[RECORD EXTRACTS Boundary: Start]
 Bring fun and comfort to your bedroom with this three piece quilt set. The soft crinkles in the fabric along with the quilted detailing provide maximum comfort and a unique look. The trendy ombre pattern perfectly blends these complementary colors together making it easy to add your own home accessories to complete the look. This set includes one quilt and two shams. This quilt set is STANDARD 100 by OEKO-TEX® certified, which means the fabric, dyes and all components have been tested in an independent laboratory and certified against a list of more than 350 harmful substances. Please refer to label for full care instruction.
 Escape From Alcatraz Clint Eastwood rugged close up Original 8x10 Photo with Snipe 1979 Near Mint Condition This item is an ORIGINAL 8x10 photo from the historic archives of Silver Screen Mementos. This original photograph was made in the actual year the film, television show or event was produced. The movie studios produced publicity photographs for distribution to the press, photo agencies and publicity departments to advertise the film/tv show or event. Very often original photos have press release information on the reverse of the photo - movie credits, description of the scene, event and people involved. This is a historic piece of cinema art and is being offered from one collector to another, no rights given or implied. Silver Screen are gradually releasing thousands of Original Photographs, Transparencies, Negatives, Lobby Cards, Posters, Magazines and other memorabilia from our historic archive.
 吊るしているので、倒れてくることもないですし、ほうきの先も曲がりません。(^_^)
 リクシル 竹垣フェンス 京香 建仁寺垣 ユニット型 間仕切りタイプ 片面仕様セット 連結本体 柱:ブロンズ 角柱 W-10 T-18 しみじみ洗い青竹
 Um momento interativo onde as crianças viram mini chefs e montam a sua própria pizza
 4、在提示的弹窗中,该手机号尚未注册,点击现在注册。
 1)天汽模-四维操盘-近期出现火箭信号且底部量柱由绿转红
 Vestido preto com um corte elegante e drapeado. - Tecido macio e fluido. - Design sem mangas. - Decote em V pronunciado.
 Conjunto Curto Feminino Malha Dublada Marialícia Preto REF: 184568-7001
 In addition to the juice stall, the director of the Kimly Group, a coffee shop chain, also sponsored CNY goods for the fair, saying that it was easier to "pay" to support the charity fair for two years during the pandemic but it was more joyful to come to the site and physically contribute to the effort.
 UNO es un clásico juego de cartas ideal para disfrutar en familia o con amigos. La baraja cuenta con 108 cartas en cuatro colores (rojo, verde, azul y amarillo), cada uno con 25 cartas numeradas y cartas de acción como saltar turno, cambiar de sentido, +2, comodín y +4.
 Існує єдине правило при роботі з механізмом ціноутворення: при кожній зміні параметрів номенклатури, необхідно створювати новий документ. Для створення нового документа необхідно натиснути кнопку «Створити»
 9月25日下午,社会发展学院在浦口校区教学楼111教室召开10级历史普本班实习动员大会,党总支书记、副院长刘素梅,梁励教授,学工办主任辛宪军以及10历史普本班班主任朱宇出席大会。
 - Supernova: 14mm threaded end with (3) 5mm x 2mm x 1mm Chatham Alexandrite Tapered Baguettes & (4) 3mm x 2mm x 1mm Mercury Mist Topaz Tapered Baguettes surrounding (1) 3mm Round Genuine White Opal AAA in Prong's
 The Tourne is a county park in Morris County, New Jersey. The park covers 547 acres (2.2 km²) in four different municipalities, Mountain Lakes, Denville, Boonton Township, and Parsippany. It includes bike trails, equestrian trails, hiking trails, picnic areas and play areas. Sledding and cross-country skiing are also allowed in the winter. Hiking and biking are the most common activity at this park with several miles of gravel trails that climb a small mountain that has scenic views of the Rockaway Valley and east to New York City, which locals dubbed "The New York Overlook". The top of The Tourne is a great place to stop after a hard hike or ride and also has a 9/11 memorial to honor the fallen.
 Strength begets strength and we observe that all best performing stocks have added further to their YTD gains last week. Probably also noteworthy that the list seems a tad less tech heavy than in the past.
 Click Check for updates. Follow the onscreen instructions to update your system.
[RECORD EXTRACTS Boundary: End]
### EXERCISE DIRECTIONS
Please print out every record exactly as it is written.

### TASK RESPONSE
 Bring fun and comfort to your bedroom with this three piece quilt set. The soft crinkles in the fabric along with the quilted detailing provide maximum comfort and a unique look. The trendy ombre pattern perfectly blends these complementary colors together making it easy to add your own home accessories to complete the look. This set includes one quilt and two shams. This quilt set is STANDARD 100 by OEKO-TEX® certified, which means the fabric, dyes and all components have been tested in an independent laboratory and certified against a list of more than 350 harmful substances. Please refer to label for full care instruction.
 Escape From Alcatraz Clint Eastwood rugged close up Original 8x10 Photo with Snipe 1979 Near Mint Condition This item is an ORIGINAL 8x10 photo from the historic archives of Silver Screen Mementos. This original photograph was made in the actual year the film, television show or event was produced. The movie studios produced publicity photographs for distribution to the press, photo agencies and publicity departments to advertise the film/tv show or event. Very often original photos have press release information on the reverse of the photo - movie credits, description of the scene, event and people involved. This is a historic piece of cinema art and is being offered from one collector to another, no rights given or implied. Silver Screen are gradually releasing thousands of Original Photographs, Transparencies, Negatives, Lobby Cards, Posters, Magazines and other memorabilia from our historic archive.
 吊るしているので、倒れてくることもないですし、ほうきの先も曲がりません。(^_^)
 リクシル 竹垣フェンス 京香 建仁寺垣 ユニット型 間仕切りタイプ 片面仕様セット 連結本体 柱:ブロンズ 角柱 W-10 T-18 しみじみ洗い青竹
 Um momento interativo onde as crianças viram mini chefs e montam a sua própria pizza
 4、在提示的弹窗中,该手机号尚未注册,点击现在注册。
 1)天汽模-四维操盘-近期出现火箭信号且底部量柱由绿转红
 Vestido preto com um corte elegante e drapeado. - Tecido macio e fluido. - Design sem mangas. - Decote em V pronunciado.
 Conjunto Curto Feminino Malha Dublada Marialícia Preto REF: 184568-7001
 In addition to the juice stall, the director of the Kimly Group, a coffee shop chain, also sponsored CNY goods for the fair, saying that it was easier to "pay" to support the charity fair for two years during the pandemic but it was more joyful to come to the site and physically contribute to the effort.
 UNO es un clásico juego de cartas ideal para disfrutar en familia o con amigos. La baraja cuenta con 108 cartas en cuatro colores (rojo, verde, azul y amarillo), cada uno con 25 cartas numeradas y cartas de acción como saltar turno, cambiar de sentido, +2, comodín y +4.
 Існує єдине правило при роботі з механізмом ціноутворення: при кожній зміні параметрів номенклатури, необхідно створювати новий документ. Для створення нового документа необхідно натиснути кнопку «Створити»
 9月25日下午,社会发展学院在浦口校区教学楼111教室召开10级历史普本班实习动员大会,党总支书记、副院长刘素梅,梁励教授,学工办主任辛宪军以及10历史普本班班主任朱宇出席大会。
 - Supernova: 14mm threaded end with (3) 5mm x 2mm x 1mm Chatham Alexandrite Tapered Baguettes & (4) 3mm x 2mm x 1mm Mercury Mist Topaz Tapered Baguettes surrounding (1) 3mm Round Genuine White Opal AAA in Prong's
 The Tourne is a county park in Morris County, New Jersey. The park covers 547 acres (2.2 km²) in four different municipalities, Mountain Lakes, Denville, Boonton Township, and Parsippany. It includes bike trails, equestrian trails, hiking trails, picnic areas and play areas. Sledding and cross-country skiing are also allowed in the winter. Hiking and biking are the most common activity at this park with several miles of gravel trails that climb a small mountain that has scenic views of the Rockaway Valley and east to New York City, which locals dubbed "The New York Overlook". The top of The Tourne is a great place to stop after a hard hike or ride and also has a 9/11 memorial to honor the fallen.
 Strength begets strength and we observe that all best performing stocks have added further to their YTD gains last week. Probably also noteworthy that the list seems a tad less tech heavy than in the past.
 Click Check for updates. Follow the onscreen instructions to update your system.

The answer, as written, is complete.